Saturday, 17 October 2015

Capture SQL IO latencies for a period of time - The PowerShell Script

In this post I am going to share a PowerShell script that is not directly related to SharePoint, but can be a powerful tool for troubleshooting SharePoint performance issues.
Earlier this year I published an article called Test and Monitor your SQL storage performance and some good practices for SharePoint, in this article I showed some tools I use to troubleshoot SQL Server storage performance. One of the tools I mentioned there was a SQL script written by Paul Randal from SQLskills.com, it will let you capture the IO latencies for a period of time.
As with my previous post I wanted to transform the SQL script to PowerShell, so it can be used in more scenarios, get the result directly and present the result as objects in PowerShell.
I contacted Paul and he gave me permission to write and publish this script. Note that the original script(this one too) is copyrighted and SQLskills.com have all rights reserved. You can see the original copyright in Paul's post, in my script and in the TechNet Gallery post. Respect it!

Since we've said that, here are a few words about my powershell script. It is really simple, just issuing a T-SQL commands against the SQL instance. You do not have to be on the SQL server as long as you have connectivity and appropriate permissions. The script should work against SQL Server 2005 and newer.
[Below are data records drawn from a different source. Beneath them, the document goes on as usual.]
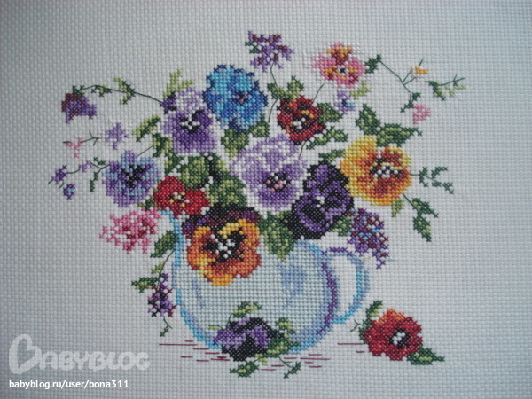 4. "Акварельные флоксы" Riolis. Канва ужасная, полукрестики утомили, результатом довольна.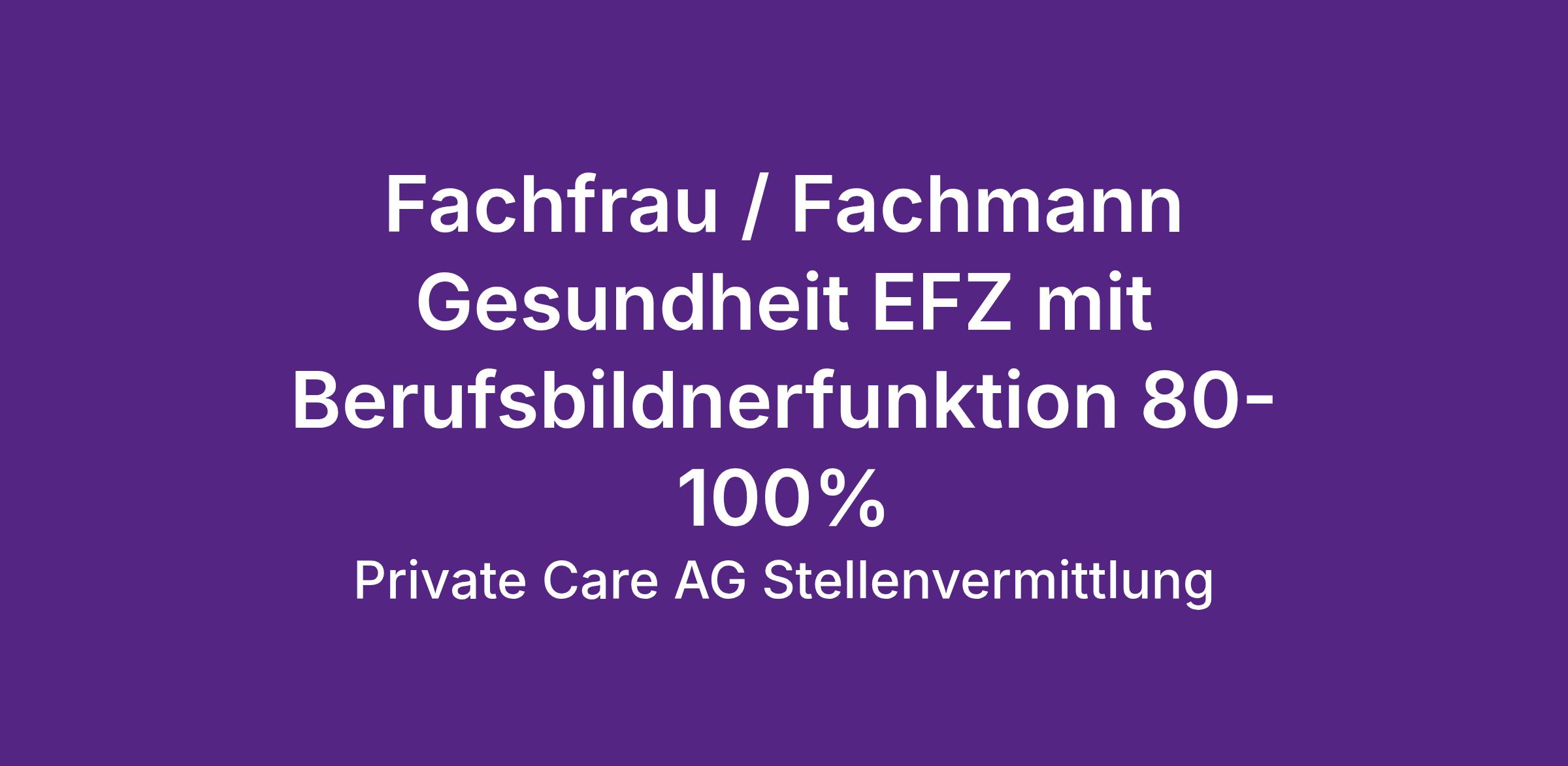 Für unseren Kunden suchen wir per sofort oder nach Vereinbarung eine/-n pflichtbewusste/-n und empathische/-n Fachfrau / Fachmann Gesundheit EFZ mit Berufsbildnerfunktion.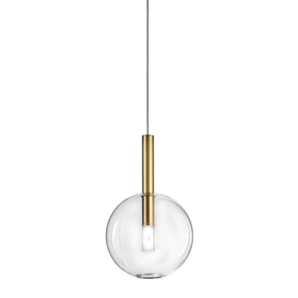 Pendelleuchte aus natürlichem Messing und transparentem Glas in verschiedenen Formen mit längenverstellbarem Kabel, vollständig in Italien hergestellt.

You can use Windows integrated authentication, where the identity of the account that is running the script will be used to connect to the sql or you can use SQL Authentication.
The output can be in powershell as System.Data.DataRow type or in CSV file that will be displayed in GridView at the end.
I think that this script is a good example and you can use it as reference to transform some of you SQL scripts to PowerShell. If you look at the original SQL code you will notice that it is one script and in my script I have 5 SQL commands. This is because 'GO' is not T-SQL statement and it will not work directly with the .Net SqlClient. This is why I am executing every batch as separate command.
You can see how the result looks and a download link below. For more information see the help section in the script, ask a question in the Q&A section in Technet Gallery and if you like it Rate it.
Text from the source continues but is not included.